Francis Bacon, says Dean Church, “was a great maker of notes and notebooks. Everything was collected that might turn out useful in his writing or speaking. He never threw away and never forgot what could be turned to account.”
Stewart is not unlike Bacon in this respect. He has learned to cultivate what Marcus Dods called “a pen-and-ink memory.” He reads, pencil and notebook in hand, mindful of the hour when he will stand in the pulpit. The apt saying, the picturesque image, the telling incident — all are to be noted since all, some day, may stand him in good stead.
Nor will he forget the flowers whose beauty and fragrance appeal to him as well as to others, yet always remembering that his business is not to delight and still less to dazzle, but to teach men the truth of God and to lead them into the life of God.
Stewart believes, “The outspoken demand that the Christian preacher hears from a congregation gathering in church for worship is, ‘Sir, we would see Jesus’!”
His sermons center about the central things.
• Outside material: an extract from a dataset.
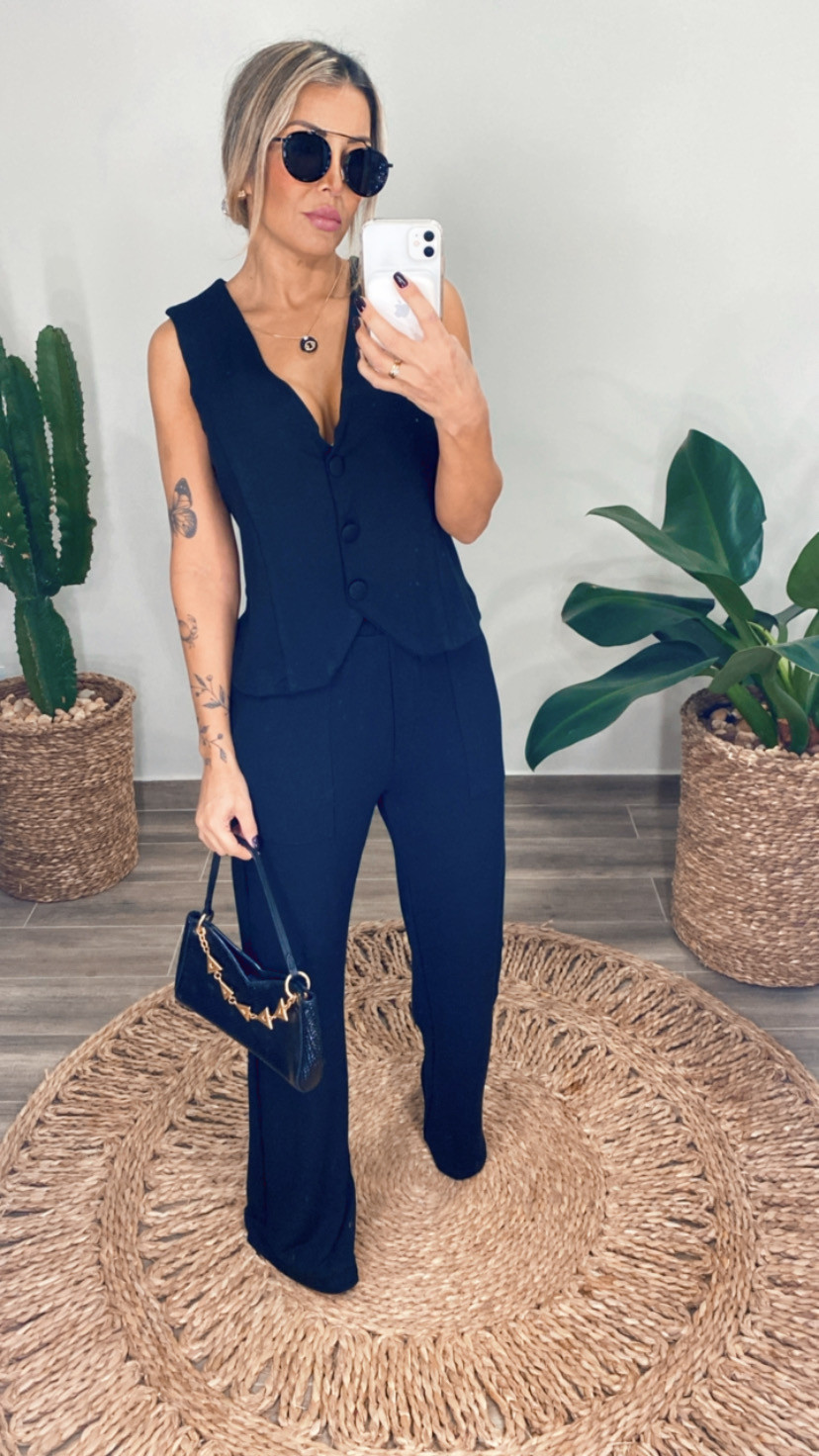 Ele é composto por colete e maxi pantalona é o mais moderno da estação por ser extremamente fácil de usar e compor looks incríveis com apenas criatividade. Modernidade e conforto em um look que reflete além de tudo elegância. Colete básico com botões forrado e maxi pantalona com bolsos funcionais e elástico no cós rebatido, vista fake. Vestindo mulheres com conforto e elegância.

He believes, as James Denney used to say, that the Gospel wins by its magnitude, that the church does nothing unless it does the deep things.
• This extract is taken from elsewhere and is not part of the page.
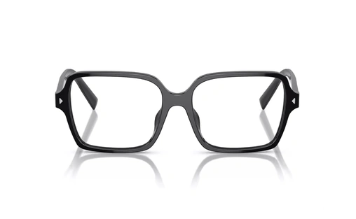 عینک طبی پرادا فریم کائوچویی مربعی باریک به رنگ مشکی براق - عکس از زاویه روبرو

A simple, unaffected style makes the reading of his sermons a pleasure. He knows the popular religious problems and he knows the human heart, its special needs in these troubled times. He addresses himself to these needs, “to what is going on in your soul and mine,” and the substance and burden of the sermons is evangelical.
The earnestness and the appeal is as tender as it is prophetic. There is a notable eloquence to which again and again he rises, the eloquence of real passion and a sense of urgency that brings Dr. Stewart into line with the best traditions of the pulpit.
All his sermons are bristling with suggestions. There is enough material for half a dozen sermons in each of them. Scholarship, thought, toil — all have gone to the making of these sermons. Yet they are all the work of a man who cares nothing for the sermon as an end in itself, but only for what it may do to press home the truth of God on the mind, the heart, the conscience of the hearer.
After his retirement Stewart published three more books of sermons; the first, The Wind of the Spirit (1968), was dedicated to his former students. The note of Christian certainty that reverberates through these sixteen sermons reminds one of the words: “Thus saith the Lord.”
There is a wonderful sermon on “Why go to church?” based on Hebrews 12:22-25, in which he finds five things about the fellowship of worship in the church. It is a spiritual fellowship, a universal fellowship, an immortal fellowship, a divine fellowship, and a redeeming fellowship.
Another memorable sermon is “The Strengthening Angel,” based on Luke 22:43. He addresses the question, In what form do the angels come today? 1) The strengthening angel is often some shining word out of the book of God. 2) Sometimes he is a fellow-creature. 3) Sometimes it is the Lord Himself. He gives many examples from Scripture and refers to Augustine, Bishop John Fisher, Francis Thompson, Matthew Arnold, Bunyan, Browning, George Eliot and Dr. John Duncan.
The other two books of sermons are River of Life (1972) and King For Ever (1975). They are full of gusto, full of intellectual grasp and application to present circumstance. In each of them the reader is conscious of the preacher’s deep-rooted exultancy in the Gospel he is declaring. They make us grateful to God for a preacher who combines so much of the wisdom of the scholar and the skill of an artist with the fervor of the evangelist.
In re-reading the last lecture in Heralds of God on “The Preacher’s Inner Life,” we find the secret of Stewart’s power as a preacher.
The true preacher, he says, must be a man utterly dedicated to his work, a man of prayer, a man marked by a great humility of heart, a man of authority, and a man on fire for Christ. This is a true portrait of Dr. Stewart.
The underlying message of his books is that preaching is costly or it is nothing. Sermon preparation is vain without self-preparation. The message cannot be separated from the man: its moral springs are in his own soul.